Il Superuovo

Quando il consenso sociale è dannoso? Quando contribuisce a diffondere false credenze

Quando il consenso sociale è dannoso? Quando contribuisce a diffondere false credenze

Negli ultimi tempi stiamo assistendo quotidianamente a delle vere e proprie battaglie tra persone che sostengono convinzioni antiscientifiche contro quelle che invece sostengono tesi scientifiche.

Nonostante le tantissime ricerche e gli innumerevoli studi condotti, al giorno d’oggi ci sono ancora persone che ritengono il riscaldamento globale una bufala o che i vaccini causino l’autismo. Molti di noi sanno bene che si tratta di tesi infondate e spesso ci scontriamo (prevalentemente sul web) con queste persone. Quello che forse molti non sanno è il modo in cui si rafforzano e si diffondono queste errate convinzioni. Un recente studio condotto negli Stati Uniti ha dimostrato che questo comportamento è rafforzato dalle conferme che queste persone ricevono da chi le circonda. Gli individui tendono a fondare le loro convinzioni sul consenso sociale ottenuto da chi li circonda, piuttosto che su evidenze scientifiche ed oggettive. Ormai è facilissimo far circolare fake news e fare disinformazione, per questo le “vittime” sono in costante aumento.

 

Le false convinzioni si rafforzano grazie al consenso sociale

Sono tantissimi gli scettici del riscaldamento globale e credono che il ruolo dell’uomo relativo ai cambiamenti climatici sia minimo. Ritengono che i media ingigantiscano i dati che riportano solo per ottenere maggiore visibilità. Questa falsa convinzione si rafforza a causa del continuo frequentare, da parte di queste persone, ambienti impregnati di questa falsa credenza. I contatti, online o di persona, spingono la gente a rinforzare le loro idee perché trovano conferma nel loro ambiente, non capendo però che a sbagliare sono loro e non gli altri.

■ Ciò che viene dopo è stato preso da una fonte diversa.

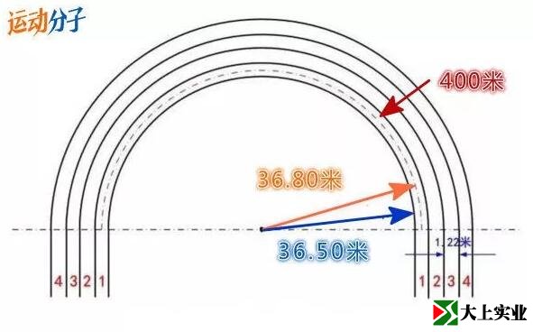 02 彎道半徑弧度是36.5米,直道的長度則是84.39米。(π × 36.5米+84.39米)× 2=498.116米就是標準體育場內(nèi)圈(第一道)內(nèi)圈線的距離,比400的“標準”短了差不多兩米。目前世界上大型場館的田徑跑道都是以這個標準修整的。

Il riscaldamento globale è un problema reale.

Per provare il fatto che queste convinzioni errate si autorinforzino grazie al consenso sociale, i ricercatori americani hanno creato un test con un compito ben preciso. Ai 500 partecipanti è stato chiesto di osservare centinaia di figure geometriche e di individuare il “Daxxy“. La parola, così come la forma, sono inventate, quindi nessun partecipante possedeva alcuna informazione in merito alla figura geometrica. Dopo aver svolto il compito, ai partecipanti è stato dato un feedback positivo o negativo ed hanno dovuto dichiarare il grado di certezza delle loro affermazioni.

I risultati parlano chiaro. I partecipanti si basavano solo sugli ultimi 4/5 feedback (positivi) ricevuti per ritenersi informati sul tema in questione e questo bastava per convincerli di avere ragione. Si erano completamente disinteressati di tutti gli altri feedback ricevuti in precedenza e la loro curiosità verso la prova era venuta meno.

 

“I vaccini causano autismo”, “i vaccini fanno male”

I risultati dello studio possono essere applicati anche ad altre situazioni simili, come ad esempio il movimento degli antivaccinisti. Sembra che in questo caso specifico si parli dell’effetto Dunning-Kruger. Si tratta di una distorsione cognitiva molto conosciuta secondo cui gli individui poco esperti di un determinato argomento tendono a non riconoscere la loro ignoranza, sopravvalutando le loro competenze. A complicare il tutto si aggiunge un altro particolare effetto. Quando queste persone sono esposte a prove oggettive che confutano le loro convinzioni, tendono a rafforzarle ancora di più credendo fermamente nelle loro conoscenze e non accettando che magari, in quel caso, hanno torto.

I vaccini non sono tossici né causano l’autismo.

Il motivo di questo comportamento per il momento non è ancora chiaro. Lo studio sopra riportato da solo non basta a spiegare questo fenomeno, per cui si aggiunge alla lunga lista di studi condotti in merito. Luis Martì, primo firmatario della ricerca, ritiene che l’uomo non sia una macchina fatta semplicemente per apprendere. Aggiunge inoltre che le nostre convinzioni soggettive e molto spesso errate saranno sempre presenti e che a volte è veramente difficile metterle da parte.